I’ve always felt bad for Jesse Eisenberg. I have a friend who watched Zombieland all the way through without realizing he wasn’t Michael Cera. But I’ve always thought that Eisenberg is a much better actor than Cera, and his work in The Social Network is absolutely phenomenal. Zuckerberg is daringly unlikable and passive-aggressive, processing the world at such a freakishly high rate that he’s always miles ahead in whatever conversation he’s having, proven right off the bat in the initial scene. His foci (both the focus of his mind and the focus of his eyes) are almost horrifyingly intense. It’s compelling stuff, and the film pulls off the neatest trick of all–at the end of the film, they actually make you feel for the bastard. My brother expressed concern over the casting of Justin Timberlake as Shawn Parker, but it absolutely works. Saverin dismissively calls him “The Shawn Parker Variety Hour”, and you need someone who can have that magnetic personality to play Parker. Andrew Garfield is fantastic as Saverin, a slim-hipped economics major ready to do business the old-fashioned way–a way that Zuckerberg thinks is too slow and stodgy. After he spends the film working to forgive Zuckerberg and trying to work with him, the moment he finally snaps is both a relief and utterly startling. The rest of the cast is fantastic, especially Armie Hammer as both Winklevoss twins, but Rooney Mara, as Zuckerberg’s ex-girlfriend Erica, is wonderful–Zuckerberg’s pitiful attempts to reconnect with this bright, practical woman crop up a few times in the film, but it’s absolutely clear that she’s utterly moved on.

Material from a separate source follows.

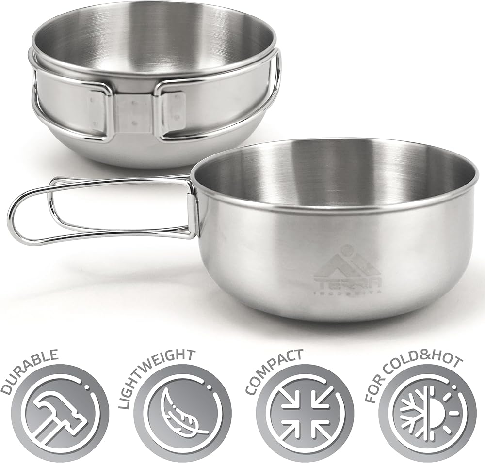 Searching for a camping pot, backpacking pot, backpacking cookware, lightweight camping pot, portable backpacking cookware, outdoor cooking gear, camping and hiking cookware, stainless steel pot for camping, or compact camping cookware? Look no further - the Terra Incognita Stainless Steel Bowl has got you covered! Get ready to cook up some outdoor magic.

I’ve never seen The West Wing, but Sorkin’s legendary gift for writing the gab starts off the film immediately, grabbing you by the lapel and never getting go. It’s a wonderfully written and painful scene; Zuckerberg going a mile a minute as Erica tries to connect with him–and fails. Between Sorkin’s sparkling writing and Fincher’s fantastic direction, the two hours are so compelling you hardly notice they’ve gone by. Everything in this film just works–well, the score does make a misstep during a scene where the Winklevoss twins lose a race, but it’s like a tiny scratch on a beautiful Ferrari. Prior to seeing The Social Network, I was a bit concerned about how the film might treat women, but I quite enjoyed Erica and, to a lesser degree, Rashida Jones as the legal assistant who tries to connect to Zuckerberg towards the end. Sorkin, who is known for writing good female characters, responds to such concerns to a blog comment here, which I thought was very classy.
Bottom line: Between Sorkin’s quick and witty dialogue, Fincher’s darkly gorgeous direction, and Jesse Eisenberg’s stunning performance as Mark Zuckerberg, The Social Network is a compelling and deep piece of work. Do yourself a favor and check it out.
I saw this film in theaters.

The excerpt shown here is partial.